◆ **STORED DATA**
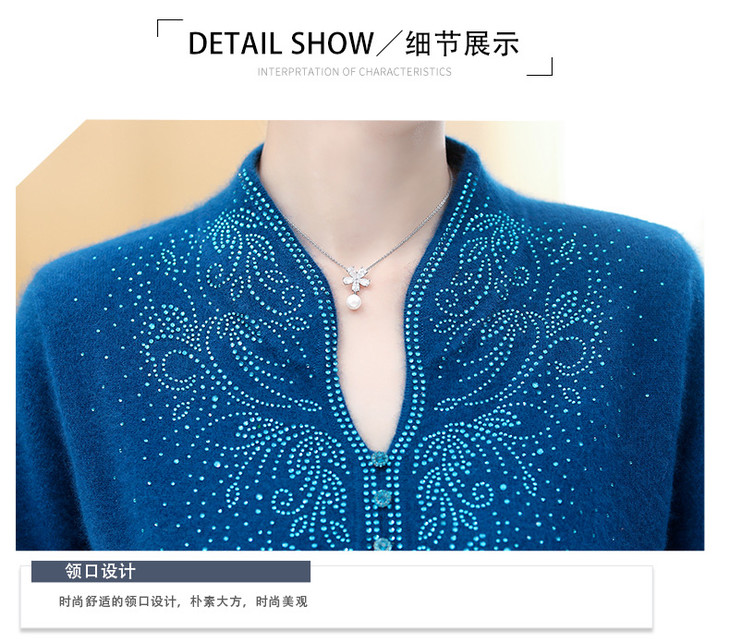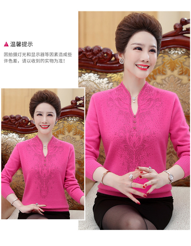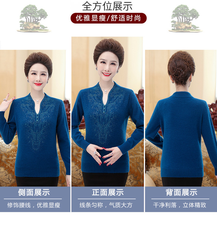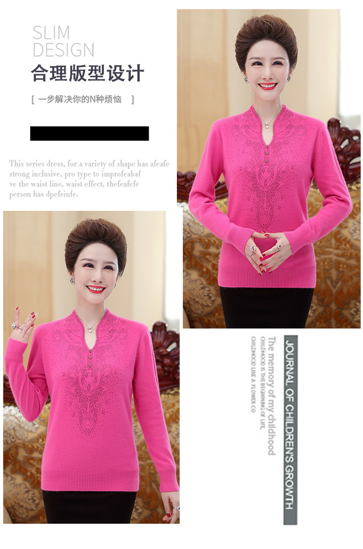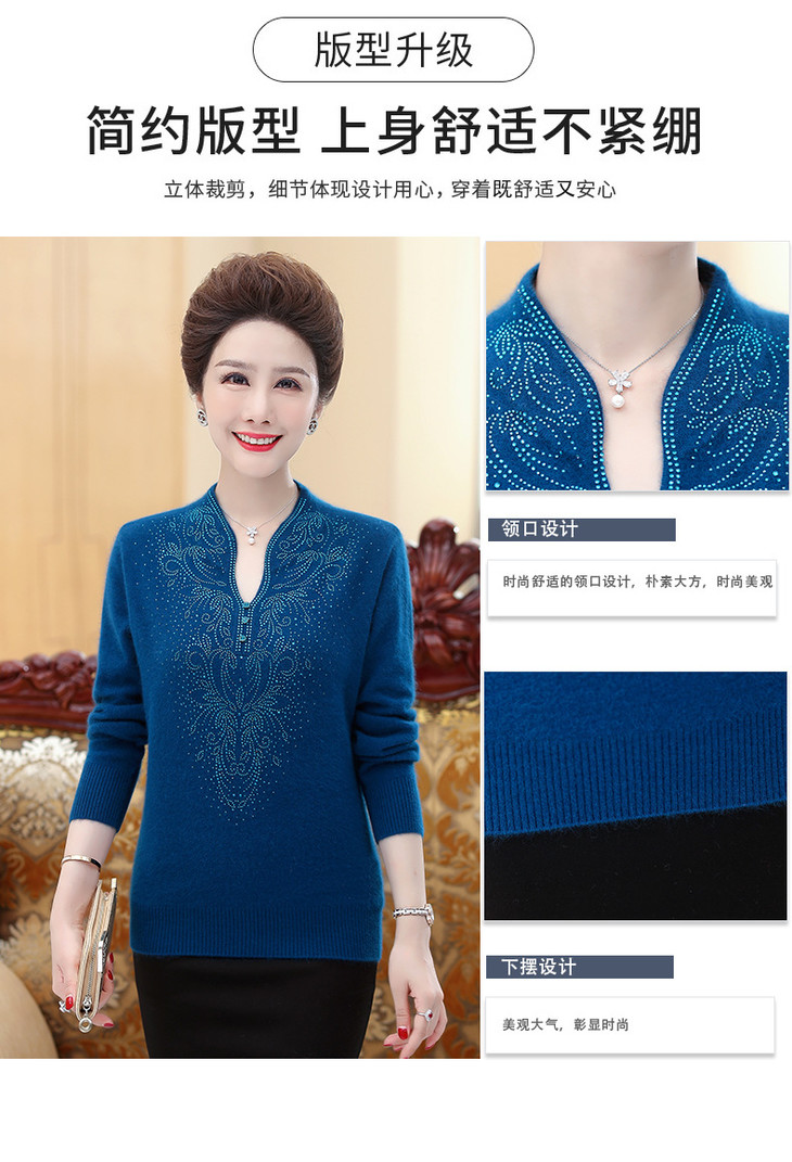 QY-JING292秋冬新款时尚V领烫钻妈妈装貂绒打底衫
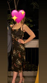 Was a little nervous about getting a Reformation dress since they tend to not fit larger busts well, but this one was stunning! So comfortable, so cute. It could probably be dressed up or down, I wore it dressed up for a wedding and was really, really happy with it. Ordered an 8 and a 10 just in case but the 8 fit perfectly.
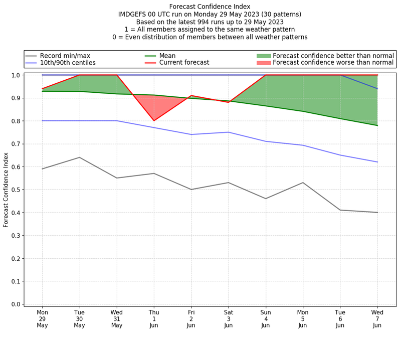 | Weather patterns typically associated with pre-monsoon tendencies over India are most likely Weather patterns 12, 13, 14, 15 and 22 (pre-monsoon) | |

◆ **TASK BRIEF**
An exact copy of the listing is required, with every image removed.

◆ **ANSWER AREA**
 QY-JING292秋冬新款时尚V领烫钻妈妈装貂绒打底衫
 Was a little nervous about getting a Reformation dress since they tend to not fit larger busts well, but this one was stunning! So comfortable, so cute. It could probably be dressed up or down, I wore it dressed up for a wedding and was really, really happy with it. Ordered an 8 and a 10 just in case but the 8 fit perfectly.
 | Weather patterns typically associated with pre-monsoon tendencies over India are most likely Weather patterns 12, 13, 14, 15 and 22 (pre-monsoon) | |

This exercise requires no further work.